Personal information
- Nickname: Bucky
- Born: 14 August 1952 (age 74) Adelaide, South Australia
- Original team: Rosewater
- Height: 175 cm (5 ft 9 in)
- Weight: 74Kg

Playing career^{1}
- Years: Club / Games (Goals)
- 1971–1983: Port Adelaide / 256 (428)
- ^{1} Playing statistics correct to the end of 1983.

Career highlights
- Port Adelaide Premiership Player 1977, 1979-81; Port Adelaide Club Captain 1979-82; 6 State games for South Australia; Port Adelaide Football Club Life Member; South Australian Football Hall of Fame Inductee 2005;

= Brian Cunningham (Australian footballer) =

Australian rules footballer

Brian "Bucky" Cunningham (born 14 August 1952 in Adelaide, South Australia) is a former Australian Rules footballer in the South Australian National Football League (SANFL), playing the Port Adelaide Football Club. Cunningham was later CEO of Port Adelaide Football Club from 1992 until 2004.

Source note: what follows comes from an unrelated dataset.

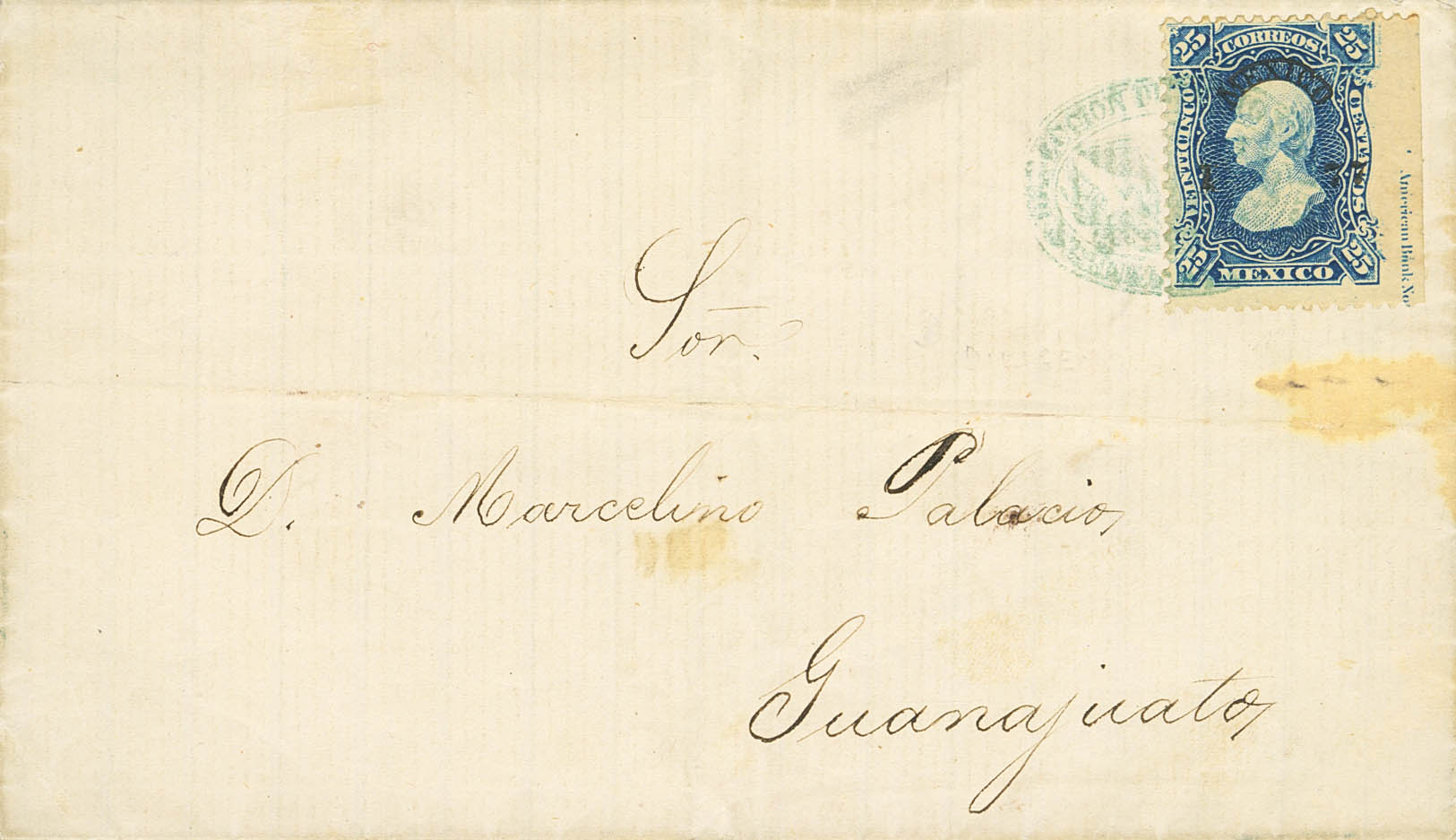 Yvert 58A. 1877. 25 cts azul, borde de hoja con leyenda "American Bank No". MEXICO a GUANAJUATO. Matasello oval DIRECCION DE DILIGENCIAS / GENERALES, en azul. MAGNIFICA. (Schatzkes 829).

Making his league debut in 1971, Cunningham played as a rover and small forward throughout his career. In 1979 Cunningham was appointed captain of Port Adelaide holding the role until 1982. Port Adelaide won 3 premierships in Cunningham's four years as captain. Cunningham retired at the end of the 1983 season, having played 256 games for Port (kicking 428 goals) and 6 games representing South Australia.

Cunningham was appointed CEO of the Port Adelaide Football Club in 1992 and was part of the club's successful bid to join the AFL. In 1997 Port Adelaide would play its first season in the AFL. Cunningham remained the Port Adelaide Football Club's CEO until his retirement following the club's first AFL premiership in 2004.

In 2005, Cunningham was inducted into the South Australian Football Hall of Fame.

Between his playing and CEO days, Cunningham worked as a high-school teacher. He was appointed chief executive of the Department of Further Education, Employment, Science & Technology (DFEEST) in South Australia in 2005.